De forma a selar a Judicialização da Saúde, o Supremo Tribunal Federal sinalizou recentemente que irá analisar se cabe ao Poder Judiciário intervir quando um ente federado deixa de aplicar recursos orçamentários mínimos na saúde pública, enquanto não for editada a lei complementar que fixará percentuais, critérios de rateio e normas de fiscalização, como estabelece o parágrafo 3º do artigo 198 da Constituição Federal.
Na visão do Ministério Público Federal, parte em um Recurso Extraordinário em que são partes contrárias a União e o Município de Nova Iguaçu (RJ), o Poder Judiciário tem legitimidade para atuar no sentido de dar efetividade à Emenda Constitucional 29/2000.
A Emenda Constitucional 29/2000 atribuiu à União a possibilidade de suspender o repasse de recursos decorrentes de receitas tributárias aos estados, Distrito Federal e municípios que não cumprirem a aplicação mínima dos percentuais constitucionais em ações e serviços públicos de saúde com base no artigo 198, parágrafo 2º, incisos II e III, da Constituição Federal.

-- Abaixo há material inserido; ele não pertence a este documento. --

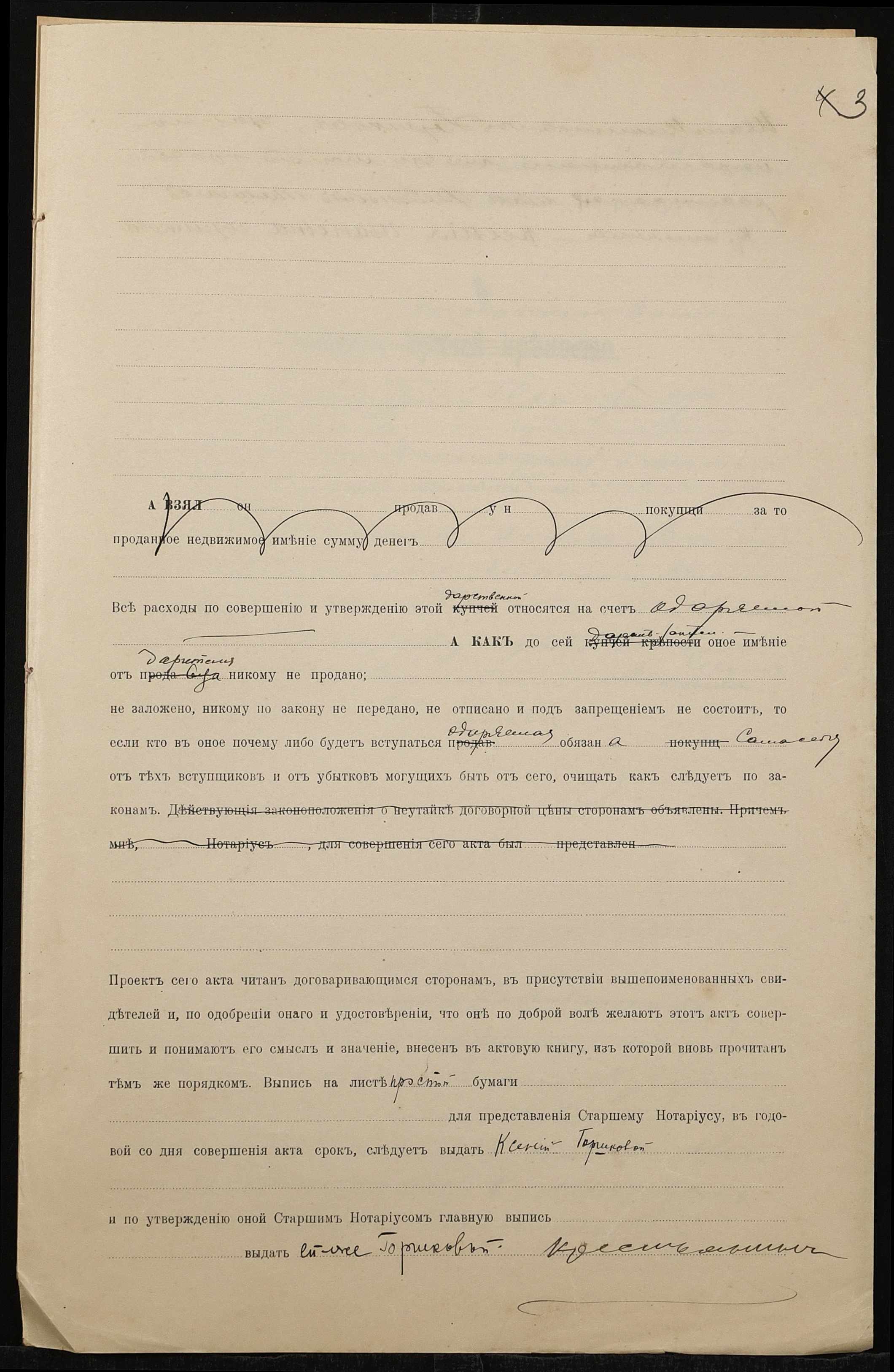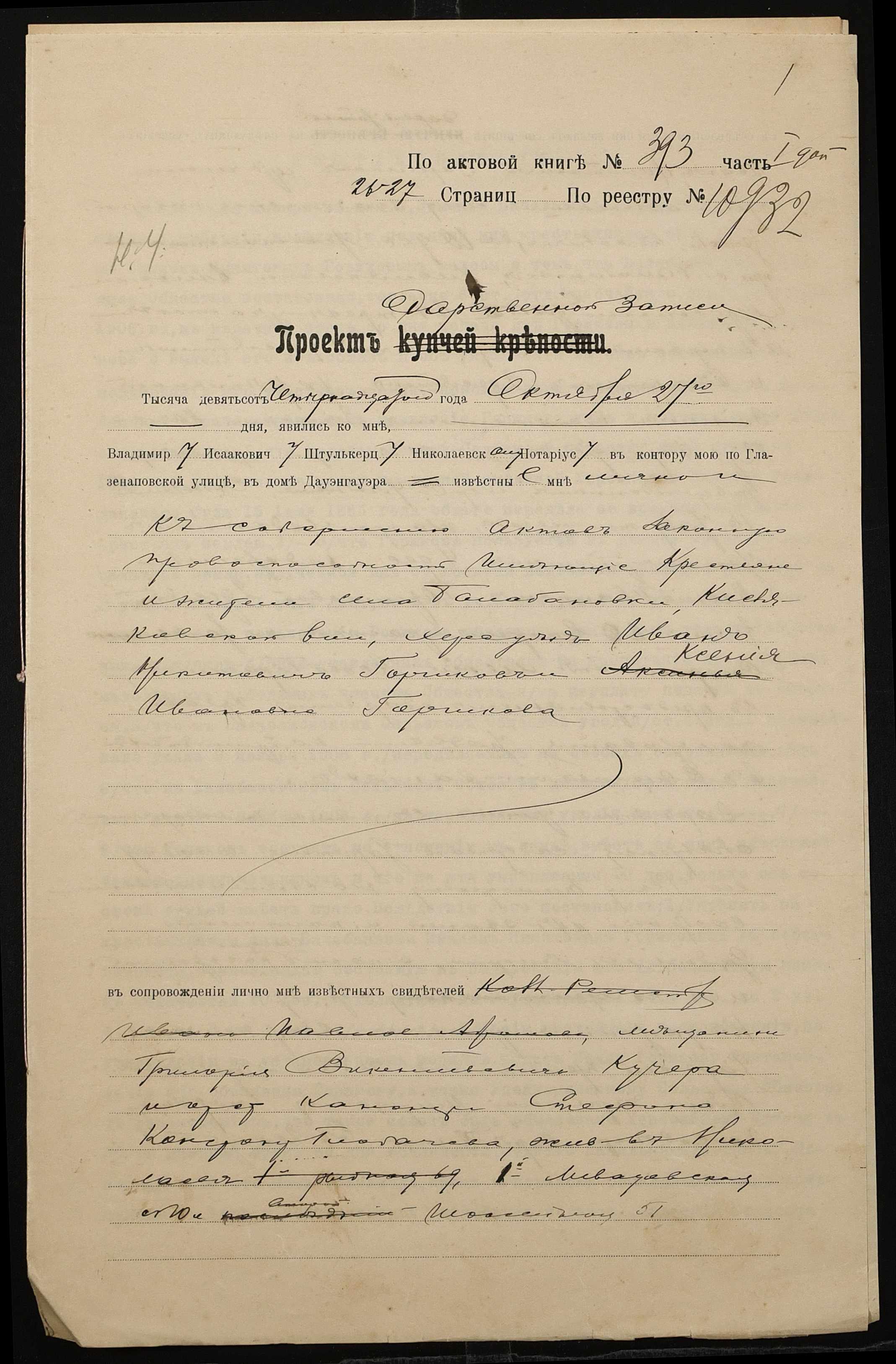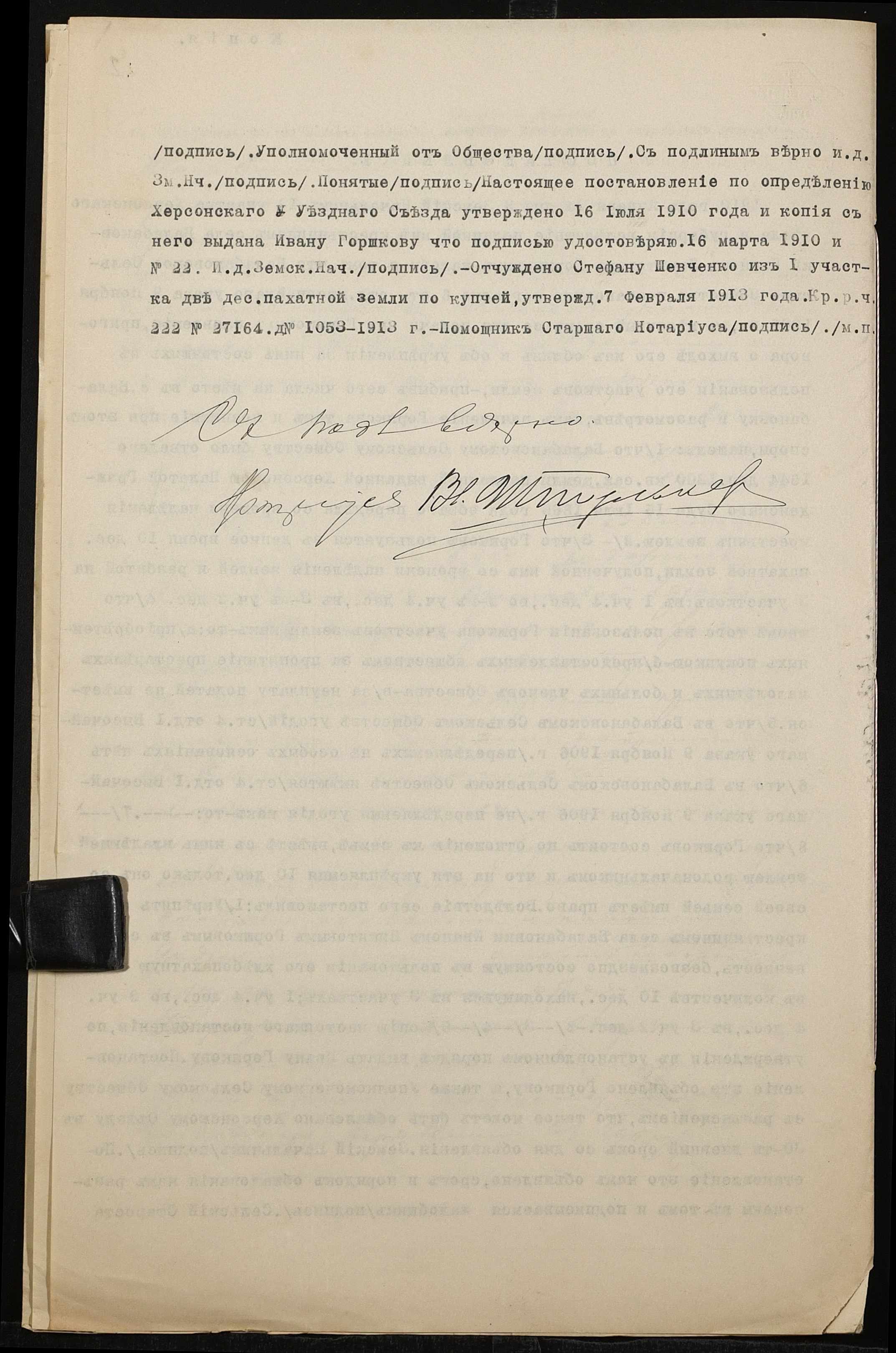 • • • • Справа № 1393 “Справа про вчинення дарчої на землю, передану селянином Горшковим Іваном Микитовичем (Горшковым Иваном Никитовичем) у власність селянки Горшкової Ксенії Іванівни (Горшковой Ксении Ивановны)”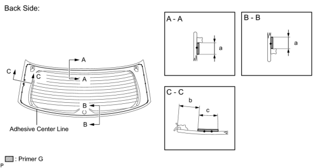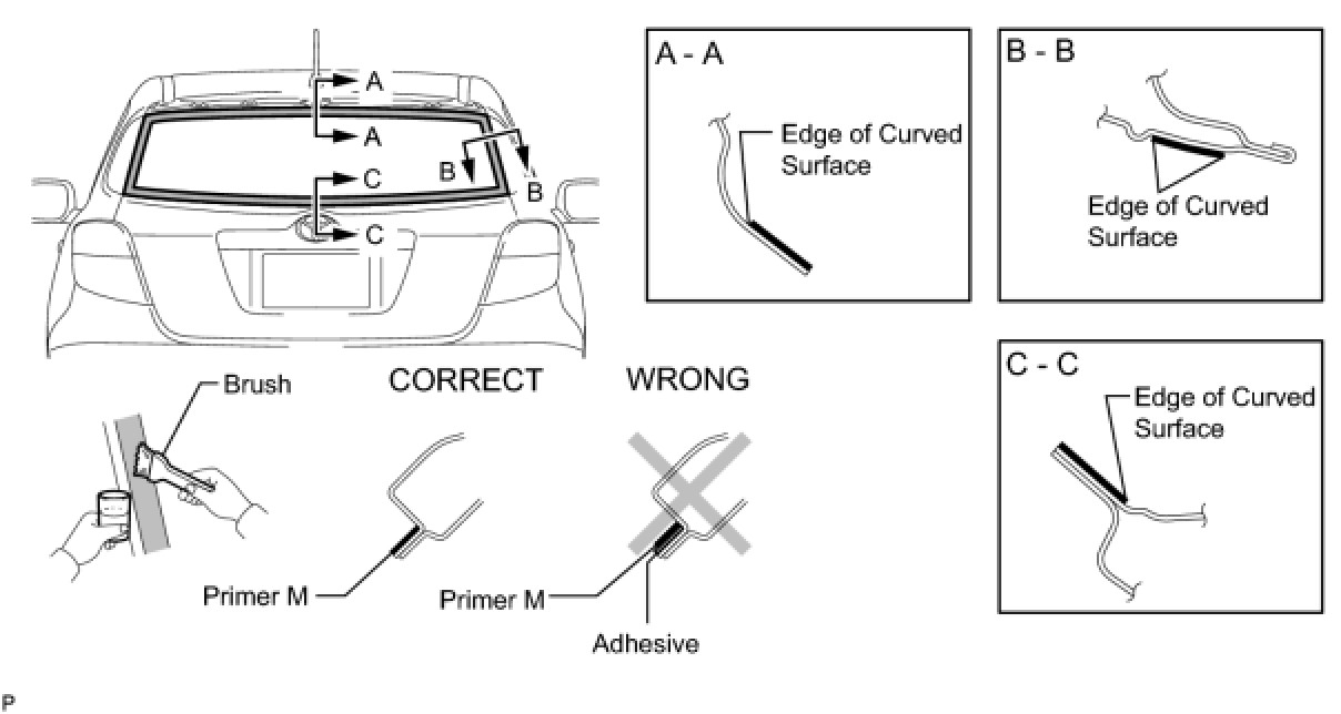 (a) Using a brush or a sponge, coat the application area of the a new back window glass adhesive dam with Primer G.

Assim, em tese, a regulamentação da Emenda Constitucional 29/2000 inibiria o mau uso do dinheiro público, uma vez que seu texto dispõe sobre as formas que a União, estados e os municípios devem gastar seus recursos no setor de saúde. Porém, a letra da lei dificilmente se transformará em realidade.
No Brasil, país em que a corrupção e vantagens pessoais caracterizam forte traço cultural, a publicação de uma lei não é sinônimo de mudança. Essa afirmação encontra eco no que se refere aos responsáveis pela gestão do dinheiro público. Há bons gestores públicos na área da saúde, indubitável – entretanto, essa não é a regra.
A emenda deixa claro em seu texto que para a aplicação dos valores mínimos quer pela União, estados e municípios são inequívocas. Não há espaço para interpretações análogas que resultem no desvio de verbas. Está definido que o gasto público será com as ações e serviços públicos de saúde de acesso universal, igualitário e gratuito – por que não se cumpre?
No caso julgado no Supremo, por exemplo, o Ministério Público Federal ajuizou ação civil pública contra o município de Nova Iguaçu e a União para ver cumpridas as regras constitucionais relativas à aplicação de recursos orçamentários mínimos no SUS relativamente aos anos de 2002 e 2003. A ação foi julgada parcialmente procedente em primeira instância, quando o juiz federal determinou que o município incluísse, no orçamento dos anos subsequentes à prolação da sentença, R$ 2,6 bilhões e R$ 1,4 milhão, respectivamente, corrigidos monetariamente sem prejuízo da aplicação do percentual mínimo constitucionalmente estabelecido.
O juiz determinou que os recursos fossem depositados no Fundo Municipal de Saúde e efetivamente utilizados. O magistrado determinou ainda que a União acompanhasse o cumprimento de sua decisão, condicionando o repasse de recursos referentes à repartição de receitas tributárias à comprovação, por parte do município, do integral atendimento da sentença.
A União apelou ao Tribunal Regional Federal da 2ª Região e conseguiu derrubar a sentença. Para o tribunal, é inviável que o Poder Judiciário substitua a União para condenar municípios e ela própria a determinadas obrigações que ainda dependem de regulamentação.
A Justiça Federal considerou que a sentença violou o princípio constitucional da separação dos Poderes, pois não se justifica a atuação do Judiciário no caso, por caracterizar ativismo judicial. Independente de julgar a conduta da União em defender o indefensável, é válido dizer a arrecadação no país é suficiente para que municípios, estados e União cumpram a previsão mínima de gasto com a saúde pública.
Seria necessário resolver um problema, antes mesmo de obrigar os entes ao investimento mínimo na saúde: punição rigorosa para os que continuam a usar a máquina e o dinheiro públicos para transformar, por exemplo, uma compra de medicamentos superfaturados em forma de enriquecimento ilícito.
Todas as semanas, a imprensa noticia alguma nova fraude envolvendo o desvio de recursos da saúde. O uso de empresa fantasmas para justificar o desvio de recursos públicos da saúde; notas fiscais frias; superfaturamento na compra de materiais e equipamentos; materiais adquiridos que não chegam a seu destino; contratação irregular de profissionais da saúde (médicos, enfermeiros e dentistas); acúmulo irregular de cargos; nepotismo; fraude no pagamento de cargos comissionados; fraudes em processos licitatórios. Enfim, uma gama de procedimentos irregulares que servem maquiar atos de improbidade em pequenos ou grandes municípios ou estados do país.
Infelizmente, o Poder Judiciário vem cumprindo o papel de legislador e até mesmo de Executivo para se fazerem cumprir as leis, a moral e a sobrevivência.